**Required work**
Leave out the pictures, and retype only the lines from the beginning of the material through the line that contains "Microsoft scant veel", including both.

**Data provided**
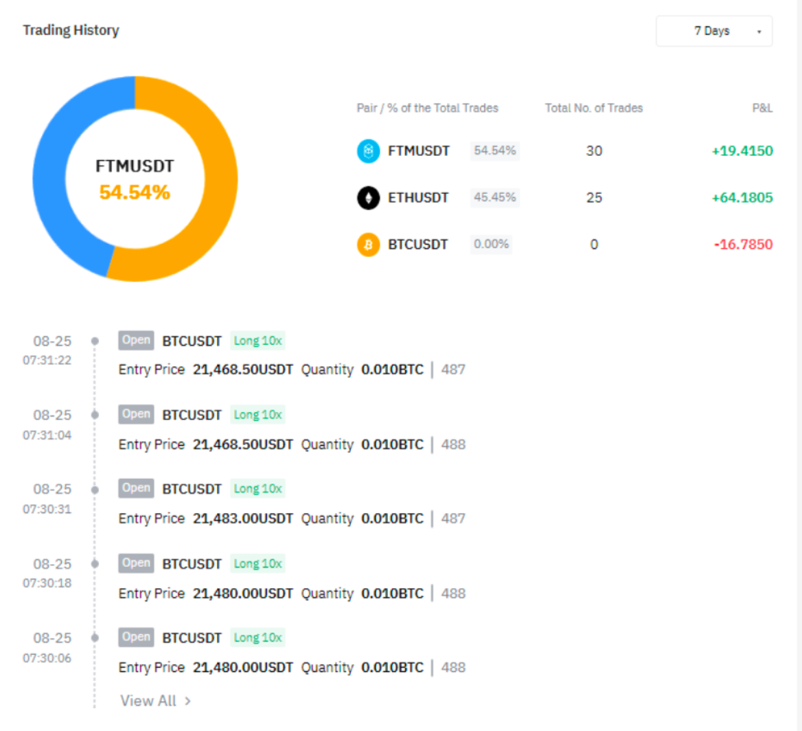 交易记录下的交易品种/占比、总交易次数及交易盈亏将于每日 00:00 (UTC) 更新。此外,交易达人发起的每笔交易都会在此处实时显示。请注意,此处仅显示USDT永续的交易历史。
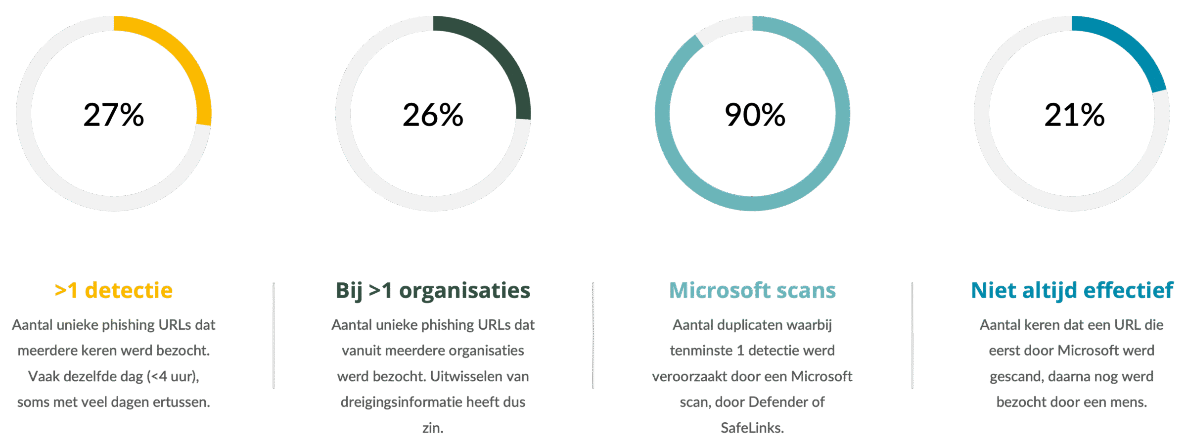 Microsoft scant veel (bij 90% van die hergebruikte URL’s), maar in 21% volgde na een scan tóch nog een menselijke klik – die scanfuncties bieden dus niet direct bescherming.
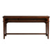 Elevate your space with the traditional Aspen Skies console bar table. Crafted of pine solids and New Zealand pine veneers with metal accents, this piece features a russet brown finish, cut outs beneath the top for additional storage, and appealing corner metal accents with nail heads. This traditionally designed console bar table would be a great addition to any space.
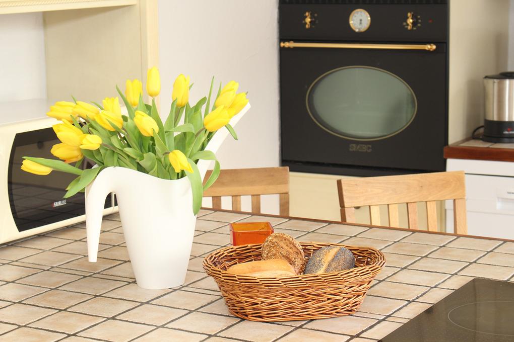 In der offenen Küche gibt es vielerlei hilfreiche Geräte für Ihre Selbstverpflegung - von der Mikrowelle bis zum Geschirrspüler - und eine Essecke an der Kochinsel.

**Output for this exercise**
 交易记录下的交易品种/占比、总交易次数及交易盈亏将于每日 00:00 (UTC) 更新。此外,交易达人发起的每笔交易都会在此处实时显示。请注意,此处仅显示USDT永续的交易历史。
 Microsoft scant veel (bij 90% van die hergebruikte URL’s), maar in 21% volgde na een scan tóch nog een menselijke klik – die scanfuncties bieden dus niet direct bescherming.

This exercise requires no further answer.